I would keep working on you and try to tend less to his needs and stop caring about so much of what he does and says. I know that will be super hard but maybe, doing you and working on you will help him see the light a little bit and reel him in to your advantage. If it doesn't that just shows you how careless and selfish the guy is. If you haven't already, make sure you talk to your most trusted friends and family to start building up a support network. 

Counseling would be a huge plus right now for you and if the worst happens between you two, it will be not just a plus for you but a necessity.


----------



## TJW (Mar 20, 2012)

I'm sorry that you have to endure this emotional pain. I well know how rejection feels and don't like to hear that feeling is happening to s omeone else.

All of these things your husband is doing and saying I call bull****. I particularly call bull**** to those things which he is blaming on you that clearly are his own fault.

I don't blame you for not loving him as much following all of his reprehensible actions. I know that when my first wife had affairs and tried to blame it on me, the marriage was completely ruined. I had not only no attraction to her, I actually found the thought of having sex with her repulsive.

None of us will look hot for all of our lives. Aging, childbirth, too many hours, illness all play a part in that. Love cannot be based upon looking hot, or love will fail. 

I'm going to be 66 years old in two months, my wife is 63. Neither of us is hot anymore. I was never hot but she was when we were young. Over the years, I learned what love REALLY is. And besides that, even today, when she walks into our room in her bra and panties, I get erect within seconds flat and every cell in my body wants to touch, hold, kiss, and make love to her. Even the ones which don't work right anymore due to heart disease and diabetes and don't cooperate with my agenda still want to. 

I think your husband needs to learn what love really is. I don't think he has matured at all over these years as you describe.
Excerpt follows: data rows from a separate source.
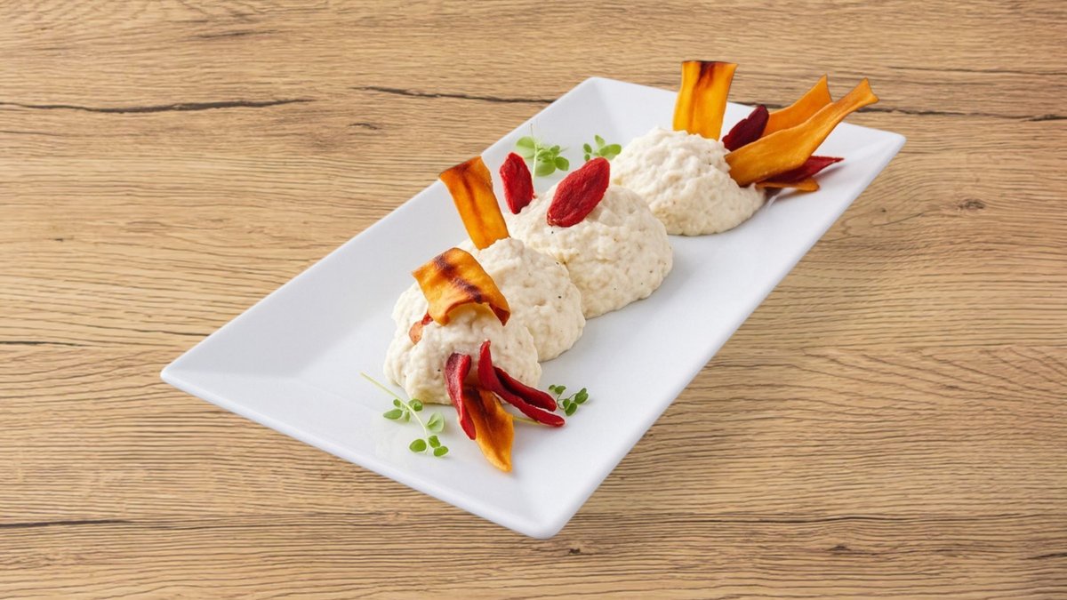 Лучен дип с чипс от зеленчуци, поднесен с"Падринка"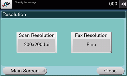 [Scan Resolution] | Select the resolution of the original for scan transmission. When using Scan to E-mail, SMB Send, FTP Send, WebDAV Send, or Save in User Box, select the following resolution to scan an original.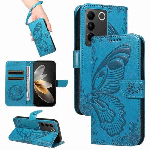 Funda de Cuero con Relieve de Mariposa En Forma de Cola de Golondrina para Vivo V27 5G/V27 Pro 5G (Azul)

And I can tell you and him, of a fact, that love will not be found with people outside your marriage. The only thing you will find there is lust.... Not love. Lust has never, and will never, make a marriage work. You are correct that even love is not enough, it requires respect for each other and for God, and a willingness on the part of both partners to share the successes and the failures and the associated workloads. 

Your husband, upon learning this, will find that his desire for you based upon true love will not change with looks. My desire for my wife has never changed since her "hot" days, in fact, when she is close to me, the only thing I see is that fabulously beautiful woman I met so many years ago.


----------



## jorgegene (May 26, 2012)

so you're a career driven, successful young woman, very attractive with a great body.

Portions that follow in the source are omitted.